Founded in 1983 by Alfred Mann, MiniMed was acquired by Medtronic in 2001 and spent nearly 25 years developing within the corporation. Now the company is going public as a standalone business with a team of 8,000+ employees and a complete product ecosystem.
MiniMed is targeting up to $784 million in its IPO at a valuation of approximately $7.9 billion (price range $25–28 per share). The bookrunners include Goldman Sachs, BofA Securities, Citigroup, and Morgan Stanley.
The global diabetes care device market is projected to reach $33.4 billion by 2030 and $53 billion by 2035. MiniMed is preparing an FDA submission for its next-generation MiniMed Fit – a patch pump with extended wear. The company is moving toward a "hands-free" approach to diabetes management, minimizing patient involvement in disease control.

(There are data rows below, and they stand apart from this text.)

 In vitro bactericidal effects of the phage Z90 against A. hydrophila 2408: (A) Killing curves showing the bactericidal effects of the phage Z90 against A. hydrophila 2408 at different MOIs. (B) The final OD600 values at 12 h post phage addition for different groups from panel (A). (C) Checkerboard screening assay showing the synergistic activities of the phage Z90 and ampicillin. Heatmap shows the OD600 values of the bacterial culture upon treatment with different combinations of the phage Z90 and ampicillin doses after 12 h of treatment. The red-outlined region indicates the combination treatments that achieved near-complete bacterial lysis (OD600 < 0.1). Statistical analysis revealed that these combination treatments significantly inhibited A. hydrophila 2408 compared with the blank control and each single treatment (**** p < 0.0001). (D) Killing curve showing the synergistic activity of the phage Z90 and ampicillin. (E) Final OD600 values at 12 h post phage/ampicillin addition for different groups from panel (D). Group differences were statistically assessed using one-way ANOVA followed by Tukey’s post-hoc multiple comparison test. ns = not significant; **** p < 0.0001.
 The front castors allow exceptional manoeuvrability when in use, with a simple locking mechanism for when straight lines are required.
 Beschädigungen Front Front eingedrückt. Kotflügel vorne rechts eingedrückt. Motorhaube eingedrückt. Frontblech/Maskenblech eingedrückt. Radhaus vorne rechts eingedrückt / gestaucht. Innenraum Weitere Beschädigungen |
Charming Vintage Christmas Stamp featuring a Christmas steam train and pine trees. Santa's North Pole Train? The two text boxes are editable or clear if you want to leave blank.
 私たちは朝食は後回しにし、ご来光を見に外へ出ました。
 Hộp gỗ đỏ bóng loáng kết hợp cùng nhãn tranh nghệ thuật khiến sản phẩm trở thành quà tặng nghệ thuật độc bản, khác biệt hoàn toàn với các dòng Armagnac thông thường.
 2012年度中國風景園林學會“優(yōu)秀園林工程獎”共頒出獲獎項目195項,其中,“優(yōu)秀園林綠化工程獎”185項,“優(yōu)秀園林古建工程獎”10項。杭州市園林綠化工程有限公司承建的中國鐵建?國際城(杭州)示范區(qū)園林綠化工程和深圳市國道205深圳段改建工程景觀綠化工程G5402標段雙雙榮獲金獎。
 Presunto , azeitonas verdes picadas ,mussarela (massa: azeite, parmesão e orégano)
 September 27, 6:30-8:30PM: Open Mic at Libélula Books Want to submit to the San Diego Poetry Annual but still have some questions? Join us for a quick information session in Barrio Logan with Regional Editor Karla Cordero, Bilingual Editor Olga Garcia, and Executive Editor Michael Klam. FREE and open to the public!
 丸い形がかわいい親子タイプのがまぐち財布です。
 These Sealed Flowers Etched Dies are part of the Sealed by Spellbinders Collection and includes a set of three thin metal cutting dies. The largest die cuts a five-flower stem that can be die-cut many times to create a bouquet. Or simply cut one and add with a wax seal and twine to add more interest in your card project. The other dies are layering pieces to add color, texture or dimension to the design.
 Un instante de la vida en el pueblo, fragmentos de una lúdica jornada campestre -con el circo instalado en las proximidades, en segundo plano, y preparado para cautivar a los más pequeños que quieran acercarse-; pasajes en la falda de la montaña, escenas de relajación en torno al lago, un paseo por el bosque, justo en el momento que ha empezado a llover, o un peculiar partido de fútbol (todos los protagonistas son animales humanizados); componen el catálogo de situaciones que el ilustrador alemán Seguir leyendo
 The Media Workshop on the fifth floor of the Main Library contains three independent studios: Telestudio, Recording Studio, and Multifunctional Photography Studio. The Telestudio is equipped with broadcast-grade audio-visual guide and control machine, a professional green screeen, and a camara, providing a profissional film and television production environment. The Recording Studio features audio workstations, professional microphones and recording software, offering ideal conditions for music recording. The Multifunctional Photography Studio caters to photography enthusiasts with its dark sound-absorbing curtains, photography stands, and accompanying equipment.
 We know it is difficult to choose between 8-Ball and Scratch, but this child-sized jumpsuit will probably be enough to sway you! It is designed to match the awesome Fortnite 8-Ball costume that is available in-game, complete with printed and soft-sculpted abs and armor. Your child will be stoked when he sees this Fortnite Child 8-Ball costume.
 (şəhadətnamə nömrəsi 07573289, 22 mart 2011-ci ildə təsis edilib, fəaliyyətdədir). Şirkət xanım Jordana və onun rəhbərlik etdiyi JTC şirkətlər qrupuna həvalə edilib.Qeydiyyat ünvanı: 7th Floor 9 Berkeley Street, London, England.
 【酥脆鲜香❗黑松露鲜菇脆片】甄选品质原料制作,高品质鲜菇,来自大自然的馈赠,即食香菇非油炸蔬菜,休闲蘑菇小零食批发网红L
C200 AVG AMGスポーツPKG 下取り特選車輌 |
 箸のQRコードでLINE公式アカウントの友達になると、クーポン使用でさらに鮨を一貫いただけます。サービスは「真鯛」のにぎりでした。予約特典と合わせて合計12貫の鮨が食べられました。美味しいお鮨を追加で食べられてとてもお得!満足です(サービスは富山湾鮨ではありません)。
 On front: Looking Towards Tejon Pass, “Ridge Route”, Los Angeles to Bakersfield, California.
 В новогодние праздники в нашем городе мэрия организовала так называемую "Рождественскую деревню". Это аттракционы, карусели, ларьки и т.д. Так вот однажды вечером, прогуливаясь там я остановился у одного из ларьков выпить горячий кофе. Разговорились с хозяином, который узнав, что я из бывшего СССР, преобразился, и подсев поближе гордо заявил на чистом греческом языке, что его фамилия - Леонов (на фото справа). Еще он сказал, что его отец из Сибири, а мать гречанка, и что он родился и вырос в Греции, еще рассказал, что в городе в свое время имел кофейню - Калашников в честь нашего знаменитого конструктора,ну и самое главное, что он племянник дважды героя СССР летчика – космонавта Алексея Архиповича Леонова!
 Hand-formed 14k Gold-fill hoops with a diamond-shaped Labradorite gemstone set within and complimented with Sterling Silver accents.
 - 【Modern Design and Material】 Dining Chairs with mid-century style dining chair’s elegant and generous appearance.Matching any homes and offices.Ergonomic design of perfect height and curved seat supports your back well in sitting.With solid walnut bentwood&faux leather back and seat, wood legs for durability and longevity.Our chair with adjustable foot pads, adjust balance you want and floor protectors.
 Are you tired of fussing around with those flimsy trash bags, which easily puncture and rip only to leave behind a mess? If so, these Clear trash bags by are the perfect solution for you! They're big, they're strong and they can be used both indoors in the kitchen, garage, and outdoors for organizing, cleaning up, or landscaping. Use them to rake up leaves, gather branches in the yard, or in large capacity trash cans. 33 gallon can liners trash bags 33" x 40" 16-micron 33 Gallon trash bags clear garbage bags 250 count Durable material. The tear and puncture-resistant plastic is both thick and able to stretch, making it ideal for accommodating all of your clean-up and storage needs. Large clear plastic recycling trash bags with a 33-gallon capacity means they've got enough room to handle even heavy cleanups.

Against the backdrop of rising global diabetes prevalence, growing demand for automated medical devices, and the shift from manual monitoring to AI-driven systems, MiniMed is considered one of the most significant MedTech IPOs of 2026.
Exclusive Participation Terms
MiniMed Group is listing on Nasdaq under the ticker MMED with a price range of $25–28 and plans to raise up to $784 million, offering 28 million shares. The bookrunners include Goldman Sachs, BofA Securities, and Morgan Stanley, with an additional option for 4.2 million shares.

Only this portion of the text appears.